From the Guidelines
High ferritin levels with low iron stores, also known as iron deficiency anemia with elevated ferritin, require a comprehensive approach to address both the iron deficiency and the underlying cause of elevated ferritin. This condition can be confusing since ferritin typically reflects iron storage, but it is an acute phase reactant that increases during inflammation, infection, liver disease, or malignancy, masking underlying iron deficiency 1. The diagnosis of iron deficiency in this context is complicated by the fact that ferritin levels can be elevated due to inflammation, making it essential to assess other parameters such as transferrin saturation, total iron binding capacity, C-reactive protein, and liver function tests to determine the underlying cause of the discrepancy 1. Some key points to consider in the diagnosis and management of this condition include:
- The lower limit of ferritin consistent with normal iron stores should be increased to 100 μg/L in the presence of biochemical evidence of inflammation 1.

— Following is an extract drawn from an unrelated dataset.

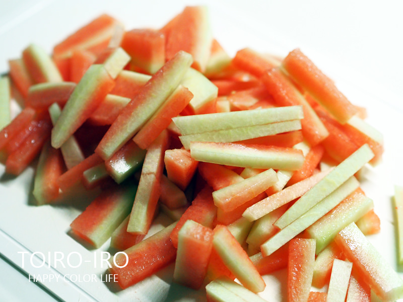 子どもたちがハマった 残ったスイカの皮で超簡単漬け物!!きょうの晩ごはん、なぁに? ☆野菜が大好きになるレシピ☆。
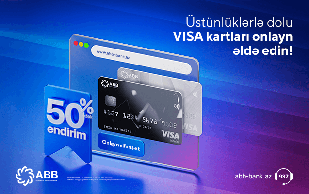 21 avqust - 20 sentyabr tarixlərində ABB-nin VISA Infinite PayWave və VISA Platinium PayWave kartların onlayn sifarişlərdə 50%-dək endirimlə əldə edə bilərsiniz!

- A transferrin saturation level below 16% is a sensitive marker of iron deficiency, but it has a low specificity of only 40–50% 1.
- Measurements of inflammatory parameters that are independent of iron metabolism, such as ESR and CRP, should be carried out to aid diagnosis 1.
- Treatment involves addressing both the iron deficiency and the underlying cause of elevated ferritin, and may include oral iron supplementation, intravenous iron formulations, and treatment of the underlying inflammatory condition 1. The most appropriate initial treatment for high ferritin levels with low iron stores is oral iron supplementation, such as ferrous sulfate 325mg once or twice daily, taken on an empty stomach with vitamin C to enhance absorption. If oral supplementation is not tolerated or effective, intravenous iron formulations like iron sucrose or ferric carboxymaltose may be necessary 1. It is crucial to investigate the cause of this discrepancy through additional testing and to treat the underlying inflammatory condition to resolve both the iron deficiency and normalize ferritin levels 1.
From the Research
High Ferritin Low Iron Stores
- High ferritin levels can be associated with low iron stores, particularly in patients with chronic kidney disease (CKD) or anemia of chronic disease 2, 3.
- In CKD patients, ferritin levels between 200 and 1,200 ng/mL may be related to inflammation, latent infections, malignancies, or liver disease, rather than iron deficiency 2.
- Iron deficiency can be masked by high ferritin levels, and traditional iron markers such as serum ferritin and transferrin saturation ratio (TSAT) may be confounded by non-iron-related conditions 2, 4.
- High serum ferritin but low iron, TSAT levels are associated with increased mortality, whereas hemoglobin exhibits a U-shaped risk for death 2.
Diagnosis and Treatment
- Diagnosis of iron deficiency in patients with high ferritin levels requires careful evaluation of iron markers, including serum ferritin, TSAT, and soluble transferrin receptor (sTfR) 5, 3.
- Treatment of iron deficiency in patients with high ferritin levels may involve intravenous iron supplementation, which can decrease hemoglobin variability and ESA hyporesponsiveness 2, 6.
- Erythropoiesis-stimulating agents (ESAs) may be used in combination with intravenous iron to correct anemia in patients with CKD or chronic obstructive pulmonary disease (COPD) 5, 6.
Prevalence and Effects
- Iron deficiency is common in patients with COPD, but is rarely investigated or treated 6.
- Correction of iron deficiency in COPD patients with ESAs and intravenous iron can improve anemia, iron deficiency, and dyspnea 6.
- High ferritin levels can be associated with increased mortality, particularly in patients with CKD or anemia of chronic disease 2, 4.